Microsoft Windows XP [Version 5.1.2600]

(C) COPYRIGHT 1985-2001 Microsoft Corp.

E:\WINDOWS>chkdsk

The type of the file system is NTFS.
Volume label is WindowsXP.
WARNING! F parameter not specified.
Running CHKDSK in read-only mode.
CHKDSK is verifying files (stage 1 of 3)...
File verification completed.
CHKDSK is verifying indexes (stage 2 of 3)...
Index verification completed.
CHKDSK is verifying security DESCRIPTORS (stage 3 of 3)...
Security descriptor verification completed.
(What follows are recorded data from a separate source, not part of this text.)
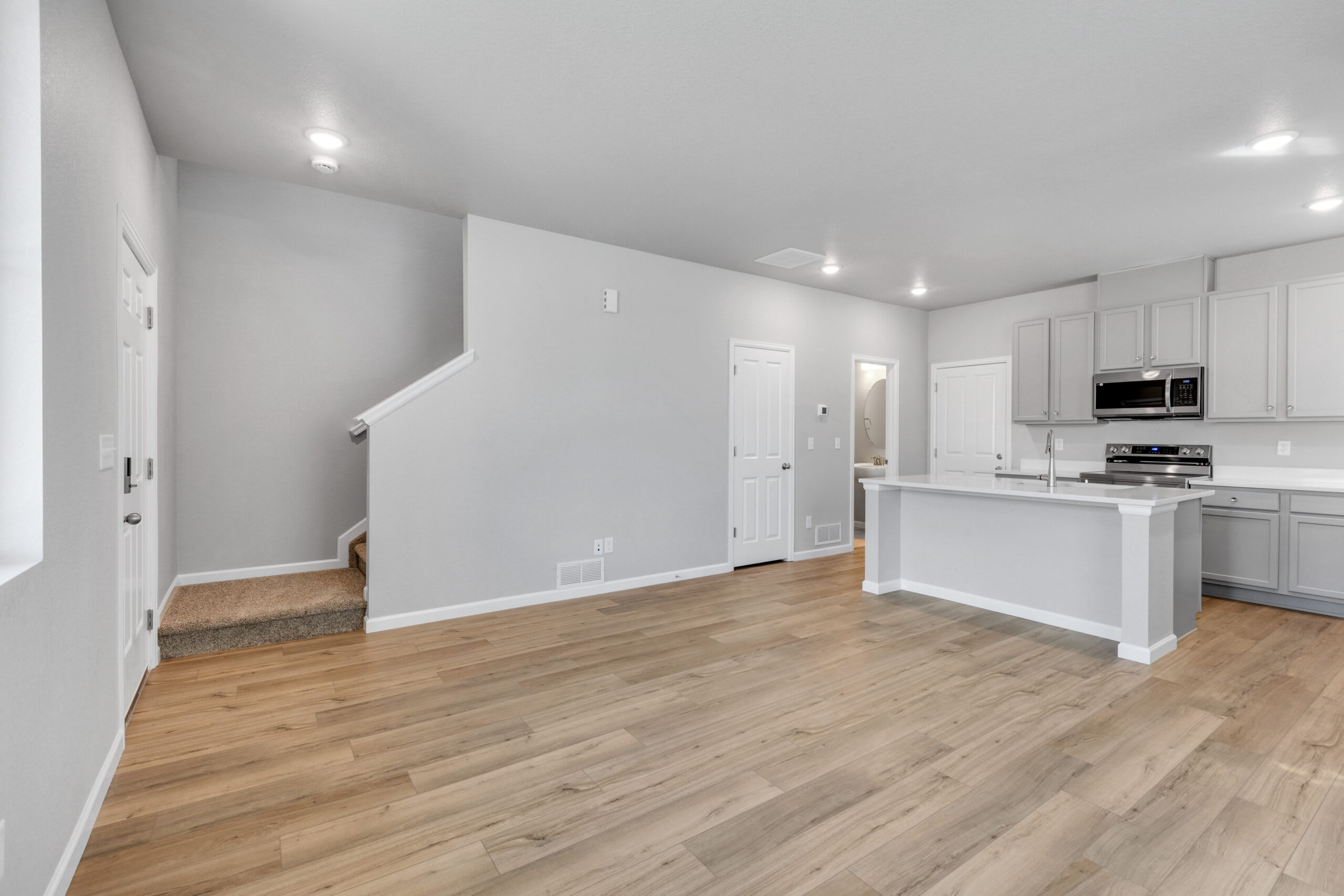 When you walk up to the front door of the home, you’ll pass the spacious porch, which is perfect for your morning coffee, cozying up with a good book, or just soaking up the sunshine in the summer months. As you walk through the front door, you’re greeted by the great room which flows effortlessly into the L-shaped kitchen with an eat-at center island. At the back of the home, you’ll find a closet under the staircase for additional storage, a powder room, and a door leading to the 2-car garage.
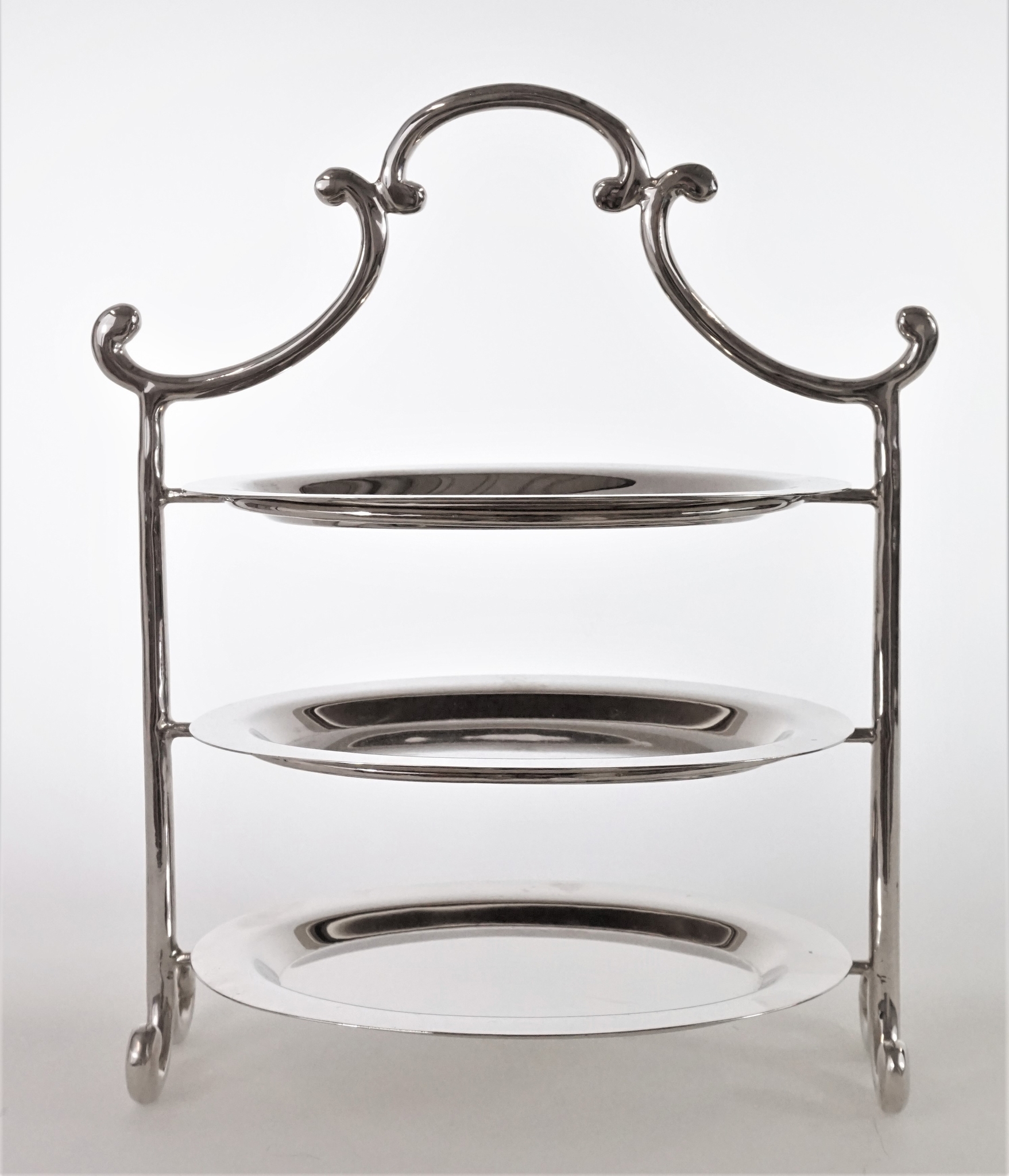 - Elegant, silver design with three levels for versatile presentation options
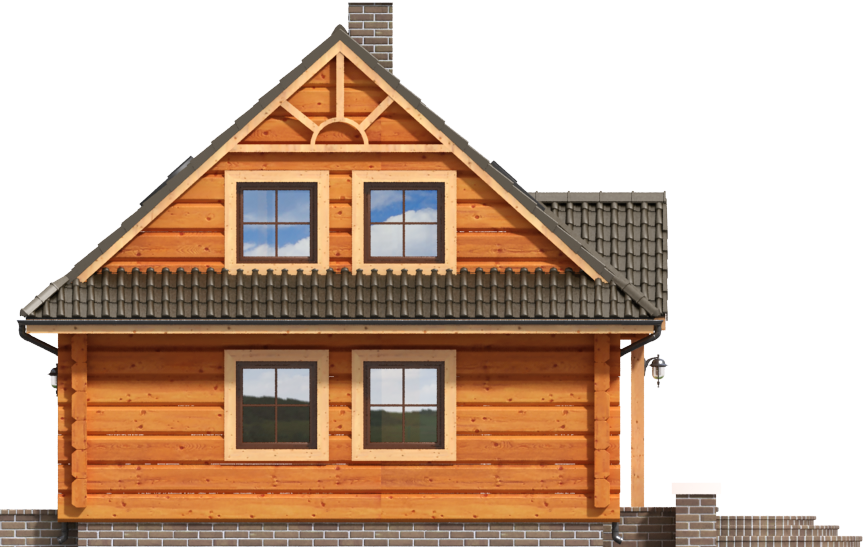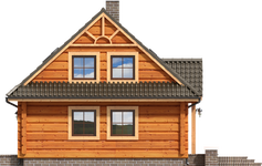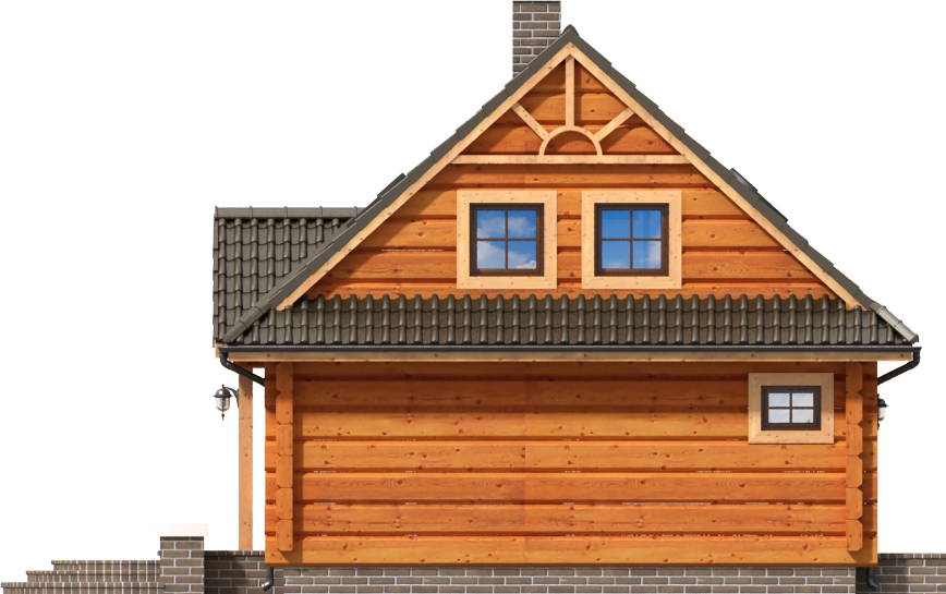 Wys. ścianki kolankowej 0.66 m Ilość drewna na więźbę 4.9 m³. Strop: drewniany. Pokrycie dachu: dachówka gontopodobna z posypką Gerard Corona. Ściany wewnętrzne: płazy drewniane. Ściany zewnętrzne: płazy drewniane + wełna mineralna + deska. Typ ogrzewania: kocioł gazowy.
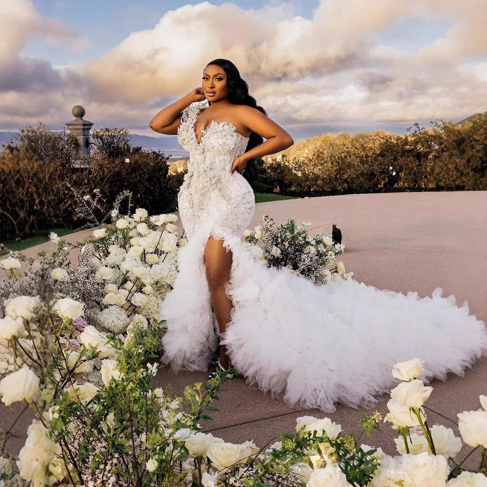 長袖アフリカの花嫁のウェディングドレスウェディングレースフィッシュテールウィッシュヨーロッパとアメリカのワンショルダークロスボーダーアマゾン貿易供給
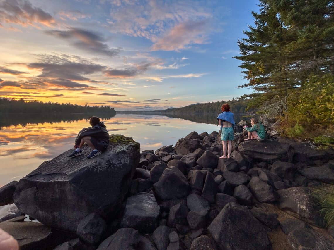 That evening, back in the Hill House dining room, with plates full of pizza and salad, we debriefed the trip as a group. Everyone gave it two thumbs up, with the power of hindsight restoring our rose-colored glasses. “I could do without the impromptu portaging in the rain, though,” one Gapper said. As I think back to watching them work together to carry boats, dry bags, paddles, and group gear, I feel grateful for everything playing out exactly as it did.

31455238 KB total disk space.
4416188 KB in 24797 files.
7888 KB in 1922 indexes.
0 KB in bad sectors.
93814 KB in use by the system.
65536 KB occupied by the log file.
26937348 KB available on disk.

4096 bytes in each allocation unit.

7863809 total allocation units on disk.

6734337 allocation units available on disk. Quote
It's using a driver 5.1.2535.0  dated 01-Jul-01 which I believe are the standard legacy drivers.

Wouldn't legacy drivers indictae drivers for SOMETHING 'old'? Quote
Mac --
Here is the chkdsk report on one of the NTFS partitions.  It's the partition containing the XP SP2 install.  See anything of note?

Microsoft Windows XP [Version 5.1.2600]

(C) Copyright 1985-2001 Microsoft Corp.

E:\WINDOWS>chkdsk

The type of the file system is NTFS.
Volume label is WindowsXP.
WARNING! F parameter not specified.
Running CHKDSK in read-only mode.
CHKDSK is verifying files (stage 1 of 3)...
File verification completed.
CHKDSK is verifying indexes (stage 2 of 3)...
Index verification completed.
CHKDSK is verifying security descriptors (stage 3 of 3)...
Security descriptor verification completed.

31455238 KB total disk space.
4416188 KB in 24797 files.
7888 KB in 1922 indexes.
0 KB in bad sectors.
93814 KB in use by the system.
65536 KB occupied by the log file.
26937348 KB available on disk.

4096 bytes in each allocation unit.

7863809 total allocation units on disk.

6734337 allocation units available on disk.


Not unless you can.

Is this install fully updated post SP2?

Is it a converted volume, from FAT32 to NTFS, or was it formatted directly to NTFS?

Converting can produce a performance loss.

How does the file structure look in the defrag window? Is there a lot of red showing?